Task to carry out> Repeat the records exactly. Every line must match.

Data section>
---
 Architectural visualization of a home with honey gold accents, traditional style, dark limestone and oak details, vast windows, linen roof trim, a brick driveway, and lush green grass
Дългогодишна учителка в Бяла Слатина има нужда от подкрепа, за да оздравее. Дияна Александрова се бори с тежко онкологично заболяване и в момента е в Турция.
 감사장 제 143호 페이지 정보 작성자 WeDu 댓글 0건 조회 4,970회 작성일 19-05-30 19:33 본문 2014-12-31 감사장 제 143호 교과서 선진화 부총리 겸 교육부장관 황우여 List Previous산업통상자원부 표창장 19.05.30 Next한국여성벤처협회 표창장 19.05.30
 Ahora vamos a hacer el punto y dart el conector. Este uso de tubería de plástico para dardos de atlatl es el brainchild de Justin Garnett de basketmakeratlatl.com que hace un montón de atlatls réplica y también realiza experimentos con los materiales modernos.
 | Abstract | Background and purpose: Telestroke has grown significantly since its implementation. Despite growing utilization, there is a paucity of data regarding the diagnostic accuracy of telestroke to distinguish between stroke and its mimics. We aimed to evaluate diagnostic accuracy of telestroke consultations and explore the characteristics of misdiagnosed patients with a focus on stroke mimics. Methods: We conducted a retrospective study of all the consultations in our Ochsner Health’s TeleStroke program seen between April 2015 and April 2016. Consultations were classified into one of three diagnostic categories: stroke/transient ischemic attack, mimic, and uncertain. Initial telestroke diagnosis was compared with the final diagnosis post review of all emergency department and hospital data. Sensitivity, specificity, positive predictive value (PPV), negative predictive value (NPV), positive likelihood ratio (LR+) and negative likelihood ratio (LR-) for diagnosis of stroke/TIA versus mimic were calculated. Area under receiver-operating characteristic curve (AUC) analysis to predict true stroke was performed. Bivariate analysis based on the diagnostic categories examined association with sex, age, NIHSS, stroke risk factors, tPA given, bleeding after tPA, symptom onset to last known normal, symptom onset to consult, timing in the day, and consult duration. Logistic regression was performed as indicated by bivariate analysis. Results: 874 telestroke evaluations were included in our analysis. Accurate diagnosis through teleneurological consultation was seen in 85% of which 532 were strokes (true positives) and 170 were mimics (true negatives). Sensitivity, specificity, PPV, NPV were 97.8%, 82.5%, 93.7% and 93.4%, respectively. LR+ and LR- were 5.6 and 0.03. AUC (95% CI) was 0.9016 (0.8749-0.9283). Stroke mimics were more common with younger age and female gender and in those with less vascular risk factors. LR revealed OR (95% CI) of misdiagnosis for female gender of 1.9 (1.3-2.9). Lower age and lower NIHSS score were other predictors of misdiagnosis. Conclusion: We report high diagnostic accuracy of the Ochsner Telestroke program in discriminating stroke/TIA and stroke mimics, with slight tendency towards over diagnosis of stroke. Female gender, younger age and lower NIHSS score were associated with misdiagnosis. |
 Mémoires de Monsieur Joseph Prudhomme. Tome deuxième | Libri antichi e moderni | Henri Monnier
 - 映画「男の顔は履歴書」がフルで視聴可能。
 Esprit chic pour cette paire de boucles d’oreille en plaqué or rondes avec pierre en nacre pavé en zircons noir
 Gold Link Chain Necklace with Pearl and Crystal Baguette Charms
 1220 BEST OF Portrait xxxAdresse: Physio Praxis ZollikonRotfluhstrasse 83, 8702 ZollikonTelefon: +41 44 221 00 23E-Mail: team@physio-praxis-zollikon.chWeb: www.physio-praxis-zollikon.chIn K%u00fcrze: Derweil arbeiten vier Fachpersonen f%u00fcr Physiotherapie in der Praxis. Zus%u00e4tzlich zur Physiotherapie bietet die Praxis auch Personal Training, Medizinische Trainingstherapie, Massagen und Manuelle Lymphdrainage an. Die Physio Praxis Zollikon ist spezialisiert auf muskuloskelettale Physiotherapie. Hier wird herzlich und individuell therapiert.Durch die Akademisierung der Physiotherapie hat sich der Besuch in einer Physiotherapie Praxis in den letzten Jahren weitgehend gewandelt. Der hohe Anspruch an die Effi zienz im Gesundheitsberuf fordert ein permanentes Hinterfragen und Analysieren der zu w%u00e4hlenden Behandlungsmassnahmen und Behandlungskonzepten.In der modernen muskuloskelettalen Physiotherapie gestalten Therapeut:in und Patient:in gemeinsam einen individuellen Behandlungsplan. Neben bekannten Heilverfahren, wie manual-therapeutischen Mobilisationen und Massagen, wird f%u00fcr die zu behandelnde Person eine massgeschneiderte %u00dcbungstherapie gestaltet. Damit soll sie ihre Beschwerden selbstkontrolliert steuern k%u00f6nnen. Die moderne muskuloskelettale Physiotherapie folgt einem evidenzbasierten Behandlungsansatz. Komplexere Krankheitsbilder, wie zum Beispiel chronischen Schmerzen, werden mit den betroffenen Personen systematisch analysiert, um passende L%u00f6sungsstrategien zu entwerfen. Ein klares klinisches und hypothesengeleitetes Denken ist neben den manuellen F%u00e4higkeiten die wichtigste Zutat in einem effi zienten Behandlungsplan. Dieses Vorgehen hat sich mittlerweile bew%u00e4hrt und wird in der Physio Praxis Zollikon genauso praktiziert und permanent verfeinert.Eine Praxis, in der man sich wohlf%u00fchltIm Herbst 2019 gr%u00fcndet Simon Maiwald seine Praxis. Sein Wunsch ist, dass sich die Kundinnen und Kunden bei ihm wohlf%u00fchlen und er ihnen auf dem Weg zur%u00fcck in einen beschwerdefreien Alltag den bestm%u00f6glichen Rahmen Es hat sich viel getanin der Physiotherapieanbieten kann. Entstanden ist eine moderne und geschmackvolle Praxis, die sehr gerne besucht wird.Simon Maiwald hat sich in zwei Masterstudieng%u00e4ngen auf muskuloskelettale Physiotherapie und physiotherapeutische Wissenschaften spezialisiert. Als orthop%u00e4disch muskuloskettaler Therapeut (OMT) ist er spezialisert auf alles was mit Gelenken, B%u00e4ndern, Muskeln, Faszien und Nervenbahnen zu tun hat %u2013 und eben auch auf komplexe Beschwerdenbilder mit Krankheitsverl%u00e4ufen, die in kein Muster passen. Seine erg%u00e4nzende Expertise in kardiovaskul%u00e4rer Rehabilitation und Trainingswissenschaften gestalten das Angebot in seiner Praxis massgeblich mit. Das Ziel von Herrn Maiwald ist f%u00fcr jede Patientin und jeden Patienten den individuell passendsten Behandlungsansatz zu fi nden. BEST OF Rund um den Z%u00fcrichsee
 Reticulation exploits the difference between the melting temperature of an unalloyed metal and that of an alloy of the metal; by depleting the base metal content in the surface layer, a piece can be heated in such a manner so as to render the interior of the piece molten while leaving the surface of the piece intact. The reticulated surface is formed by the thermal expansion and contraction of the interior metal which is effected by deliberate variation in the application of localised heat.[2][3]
---
Solution>
 Architectural visualization of a home with honey gold accents, traditional style, dark limestone and oak details, vast windows, linen roof trim, a brick driveway, and lush green grass
Дългогодишна учителка в Бяла Слатина има нужда от подкрепа, за да оздравее. Дияна Александрова се бори с тежко онкологично заболяване и в момента е в Турция.
 감사장 제 143호 페이지 정보 작성자 WeDu 댓글 0건 조회 4,970회 작성일 19-05-30 19:33 본문 2014-12-31 감사장 제 143호 교과서 선진화 부총리 겸 교육부장관 황우여 List Previous산업통상자원부 표창장 19.05.30 Next한국여성벤처협회 표창장 19.05.30
 Ahora vamos a hacer el punto y dart el conector. Este uso de tubería de plástico para dardos de atlatl es el brainchild de Justin Garnett de basketmakeratlatl.com que hace un montón de atlatls réplica y también realiza experimentos con los materiales modernos.
 | Abstract | Background and purpose: Telestroke has grown significantly since its implementation. Despite growing utilization, there is a paucity of data regarding the diagnostic accuracy of telestroke to distinguish between stroke and its mimics. We aimed to evaluate diagnostic accuracy of telestroke consultations and explore the characteristics of misdiagnosed patients with a focus on stroke mimics. Methods: We conducted a retrospective study of all the consultations in our Ochsner Health’s TeleStroke program seen between April 2015 and April 2016. Consultations were classified into one of three diagnostic categories: stroke/transient ischemic attack, mimic, and uncertain. Initial telestroke diagnosis was compared with the final diagnosis post review of all emergency department and hospital data. Sensitivity, specificity, positive predictive value (PPV), negative predictive value (NPV), positive likelihood ratio (LR+) and negative likelihood ratio (LR-) for diagnosis of stroke/TIA versus mimic were calculated. Area under receiver-operating characteristic curve (AUC) analysis to predict true stroke was performed. Bivariate analysis based on the diagnostic categories examined association with sex, age, NIHSS, stroke risk factors, tPA given, bleeding after tPA, symptom onset to last known normal, symptom onset to consult, timing in the day, and consult duration. Logistic regression was performed as indicated by bivariate analysis. Results: 874 telestroke evaluations were included in our analysis. Accurate diagnosis through teleneurological consultation was seen in 85% of which 532 were strokes (true positives) and 170 were mimics (true negatives). Sensitivity, specificity, PPV, NPV were 97.8%, 82.5%, 93.7% and 93.4%, respectively. LR+ and LR- were 5.6 and 0.03. AUC (95% CI) was 0.9016 (0.8749-0.9283). Stroke mimics were more common with younger age and female gender and in those with less vascular risk factors. LR revealed OR (95% CI) of misdiagnosis for female gender of 1.9 (1.3-2.9). Lower age and lower NIHSS score were other predictors of misdiagnosis. Conclusion: We report high diagnostic accuracy of the Ochsner Telestroke program in discriminating stroke/TIA and stroke mimics, with slight tendency towards over diagnosis of stroke. Female gender, younger age and lower NIHSS score were associated with misdiagnosis. |
 Mémoires de Monsieur Joseph Prudhomme. Tome deuxième | Libri antichi e moderni | Henri Monnier
 - 映画「男の顔は履歴書」がフルで視聴可能。
 Esprit chic pour cette paire de boucles d’oreille en plaqué or rondes avec pierre en nacre pavé en zircons noir
 Gold Link Chain Necklace with Pearl and Crystal Baguette Charms
 1220 BEST OF Portrait xxxAdresse: Physio Praxis ZollikonRotfluhstrasse 83, 8702 ZollikonTelefon: +41 44 221 00 23E-Mail: team@physio-praxis-zollikon.chWeb: www.physio-praxis-zollikon.chIn K%u00fcrze: Derweil arbeiten vier Fachpersonen f%u00fcr Physiotherapie in der Praxis. Zus%u00e4tzlich zur Physiotherapie bietet die Praxis auch Personal Training, Medizinische Trainingstherapie, Massagen und Manuelle Lymphdrainage an. Die Physio Praxis Zollikon ist spezialisiert auf muskuloskelettale Physiotherapie. Hier wird herzlich und individuell therapiert.Durch die Akademisierung der Physiotherapie hat sich der Besuch in einer Physiotherapie Praxis in den letzten Jahren weitgehend gewandelt. Der hohe Anspruch an die Effi zienz im Gesundheitsberuf fordert ein permanentes Hinterfragen und Analysieren der zu w%u00e4hlenden Behandlungsmassnahmen und Behandlungskonzepten.In der modernen muskuloskelettalen Physiotherapie gestalten Therapeut:in und Patient:in gemeinsam einen individuellen Behandlungsplan. Neben bekannten Heilverfahren, wie manual-therapeutischen Mobilisationen und Massagen, wird f%u00fcr die zu behandelnde Person eine massgeschneiderte %u00dcbungstherapie gestaltet. Damit soll sie ihre Beschwerden selbstkontrolliert steuern k%u00f6nnen. Die moderne muskuloskelettale Physiotherapie folgt einem evidenzbasierten Behandlungsansatz. Komplexere Krankheitsbilder, wie zum Beispiel chronischen Schmerzen, werden mit den betroffenen Personen systematisch analysiert, um passende L%u00f6sungsstrategien zu entwerfen. Ein klares klinisches und hypothesengeleitetes Denken ist neben den manuellen F%u00e4higkeiten die wichtigste Zutat in einem effi zienten Behandlungsplan. Dieses Vorgehen hat sich mittlerweile bew%u00e4hrt und wird in der Physio Praxis Zollikon genauso praktiziert und permanent verfeinert.Eine Praxis, in der man sich wohlf%u00fchltIm Herbst 2019 gr%u00fcndet Simon Maiwald seine Praxis. Sein Wunsch ist, dass sich die Kundinnen und Kunden bei ihm wohlf%u00fchlen und er ihnen auf dem Weg zur%u00fcck in einen beschwerdefreien Alltag den bestm%u00f6glichen Rahmen Es hat sich viel getanin der Physiotherapieanbieten kann. Entstanden ist eine moderne und geschmackvolle Praxis, die sehr gerne besucht wird.Simon Maiwald hat sich in zwei Masterstudieng%u00e4ngen auf muskuloskelettale Physiotherapie und physiotherapeutische Wissenschaften spezialisiert. Als orthop%u00e4disch muskuloskettaler Therapeut (OMT) ist er spezialisert auf alles was mit Gelenken, B%u00e4ndern, Muskeln, Faszien und Nervenbahnen zu tun hat %u2013 und eben auch auf komplexe Beschwerdenbilder mit Krankheitsverl%u00e4ufen, die in kein Muster passen. Seine erg%u00e4nzende Expertise in kardiovaskul%u00e4rer Rehabilitation und Trainingswissenschaften gestalten das Angebot in seiner Praxis massgeblich mit. Das Ziel von Herrn Maiwald ist f%u00fcr jede Patientin und jeden Patienten den individuell passendsten Behandlungsansatz zu fi nden. BEST OF Rund um den Z%u00fcrichsee
 Reticulation exploits the difference between the melting temperature of an unalloyed metal and that of an alloy of the metal; by depleting the base metal content in the surface layer, a piece can be heated in such a manner so as to render the interior of the piece molten while leaving the surface of the piece intact. The reticulated surface is formed by the thermal expansion and contraction of the interior metal which is effected by deliberate variation in the application of localised heat.[2][3]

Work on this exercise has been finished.